**Task prompt:** Lower down are entries containing pictures. Copy exactly, without those pictures, the lines from the line with "Összetétele: 100% barátcserje" through the line with "学年末テスト 明野五葉学園8年生Yさん 学年1位獲得".

---------- Dataset extract ----------

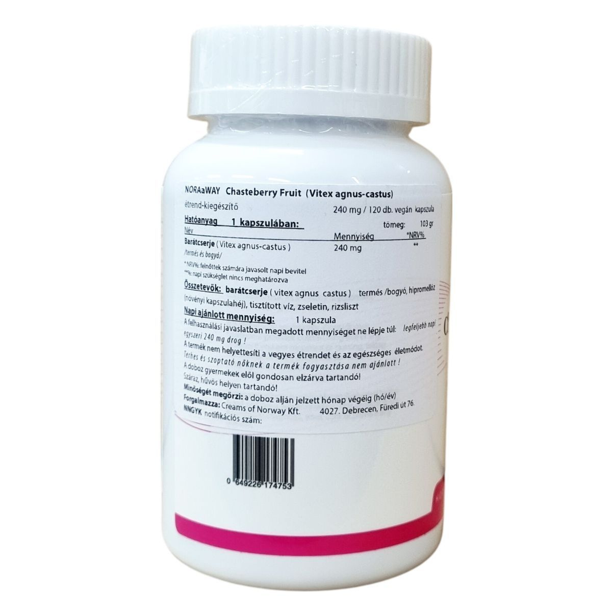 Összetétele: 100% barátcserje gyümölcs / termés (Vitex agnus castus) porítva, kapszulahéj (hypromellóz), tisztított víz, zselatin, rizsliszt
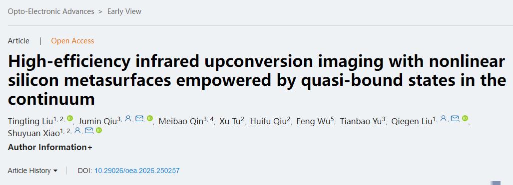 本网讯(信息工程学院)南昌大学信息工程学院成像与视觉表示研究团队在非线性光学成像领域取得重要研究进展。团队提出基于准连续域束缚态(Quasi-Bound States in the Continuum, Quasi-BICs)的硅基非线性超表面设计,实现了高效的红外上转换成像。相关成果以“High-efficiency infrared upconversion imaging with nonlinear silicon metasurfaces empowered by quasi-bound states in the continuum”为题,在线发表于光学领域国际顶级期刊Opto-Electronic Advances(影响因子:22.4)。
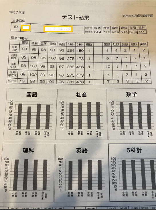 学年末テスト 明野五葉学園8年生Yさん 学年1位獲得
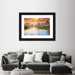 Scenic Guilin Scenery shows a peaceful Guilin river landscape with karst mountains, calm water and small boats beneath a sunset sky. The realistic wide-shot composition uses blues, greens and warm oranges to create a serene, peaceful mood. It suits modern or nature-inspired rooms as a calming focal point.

----------
---------- Dataset extract ----------

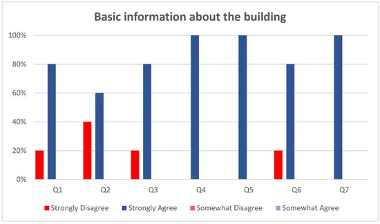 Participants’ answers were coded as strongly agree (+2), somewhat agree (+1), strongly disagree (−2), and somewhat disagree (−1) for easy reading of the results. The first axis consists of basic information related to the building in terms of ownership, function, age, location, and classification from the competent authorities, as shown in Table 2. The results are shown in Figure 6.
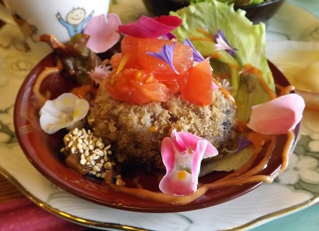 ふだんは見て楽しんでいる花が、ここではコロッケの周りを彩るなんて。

----------
---------- Dataset extract ----------

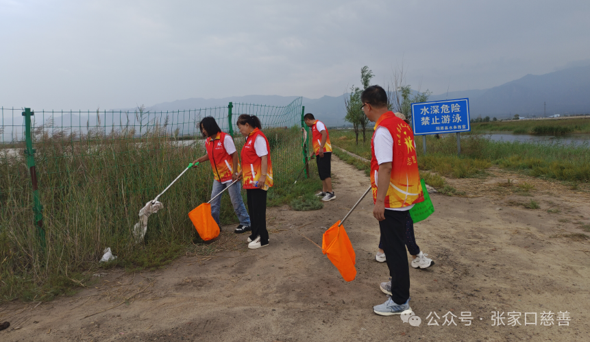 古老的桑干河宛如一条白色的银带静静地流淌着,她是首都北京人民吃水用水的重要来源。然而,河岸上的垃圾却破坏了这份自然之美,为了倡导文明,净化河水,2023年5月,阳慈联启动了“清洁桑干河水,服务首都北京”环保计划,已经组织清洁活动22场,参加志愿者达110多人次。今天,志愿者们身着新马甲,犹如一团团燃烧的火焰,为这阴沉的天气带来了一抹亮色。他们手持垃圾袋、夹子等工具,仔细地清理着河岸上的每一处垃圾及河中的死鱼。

----------

**Task result:**
 Összetétele: 100% barátcserje gyümölcs / termés (Vitex agnus castus) porítva, kapszulahéj (hypromellóz), tisztított víz, zselatin, rizsliszt
 本网讯(信息工程学院)南昌大学信息工程学院成像与视觉表示研究团队在非线性光学成像领域取得重要研究进展。团队提出基于准连续域束缚态(Quasi-Bound States in the Continuum, Quasi-BICs)的硅基非线性超表面设计,实现了高效的红外上转换成像。相关成果以“High-efficiency infrared upconversion imaging with nonlinear silicon metasurfaces empowered by quasi-bound states in the continuum”为题,在线发表于光学领域国际顶级期刊Opto-Electronic Advances(影响因子:22.4)。
 学年末テスト 明野五葉学園8年生Yさん 学年1位獲得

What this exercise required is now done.